Haas renewed his objection to the hearing officer when the hearing convened. Haas's attorney, Roger Jon Diamond, argued that Hyman had an impermissible financial interest in the case, arising from the manner in which the County had selected and paid her, and moved that she recuse herself. Hyman denied the motion, but nevertheless permitted Diamond to pursue the matter for purposes of making the record.

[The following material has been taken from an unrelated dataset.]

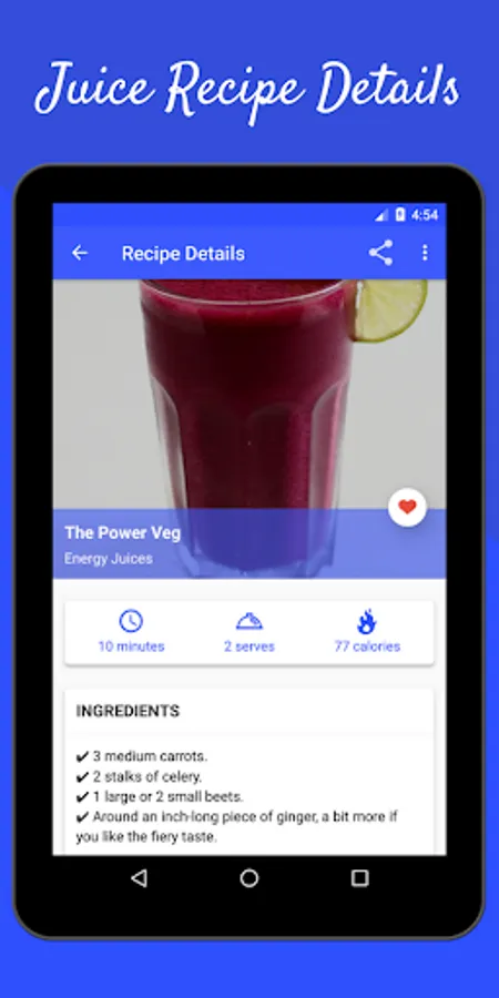 If you need Energy juice and vitamin juice recipes then this app is for you. Best homemade Energy juice collection is in this app. Get this app now for free. You will also find raw veg juice recipes in this apps recipes collection. Best veggie juice recipes for everyone.

Diamond briefly inquired into the County's arrangements with Hyman. Hyman stated that she had not previously served as a hearing officer and had been hired to hear only the matter at hand. Deputy County Counsel Alan Green, representing the County, explained that he had hired Hyman to avoid using again the same temporary hearing officer who had already recommended that Haas's license be revoked.3 Green, who had not previously met Hyman, had selected her based on his coworkers' recommendations and made the arrangements by calling her personally prior to the hearing. Green explained that he did not negotiate the billing rate with Hyman; instead, he informed her that she would be paid the same rate that county counsel charged the County's internal clients for attorneys' time.4

During the course of this discussion, Green volunteered, "The intent is that we will use Ms. Hyman on assignment, as the occasion suggests, in the future if she's interested in doing it and if the case should arise." Diamond pursued the matter with further questions to Green, who several times confirmed that he foresaw employing Hyman in the future on an ad hoc basis. When asked, "Is Ms. Hyman's contract with the County only for this case or for future cases?" Green answered, "It's open-ended as far as that's concerned." When asked, "But the County does anticipate using the services of Ms. Hyman in future cases?" Green answered, "Sure." Hyman had not replaced Horspool, Green explained; instead, he anticipated the County might use either attorney "as their schedules permit." Shortly thereafter the discussion returned to the subject of future employment. Diamond asked Green, "And so certainly you've advised [Hyman] that she might be needed on future hearings." Green responded, "I probably have. I don't recall expressly doing so." When Hyman interjected, "I don't recall that," Diamond asked, "But that's certainly within possibility?" to which Green replied, "Certainly." Diamond then asked, "And she knows that?" Green replied, "I would assume so." (Hyman was, of course, present during this exchange.) To Diamond's further question, "And she's only paid for the work she actually performs; is that right?" Green responded, "In connection with this hearing, correct."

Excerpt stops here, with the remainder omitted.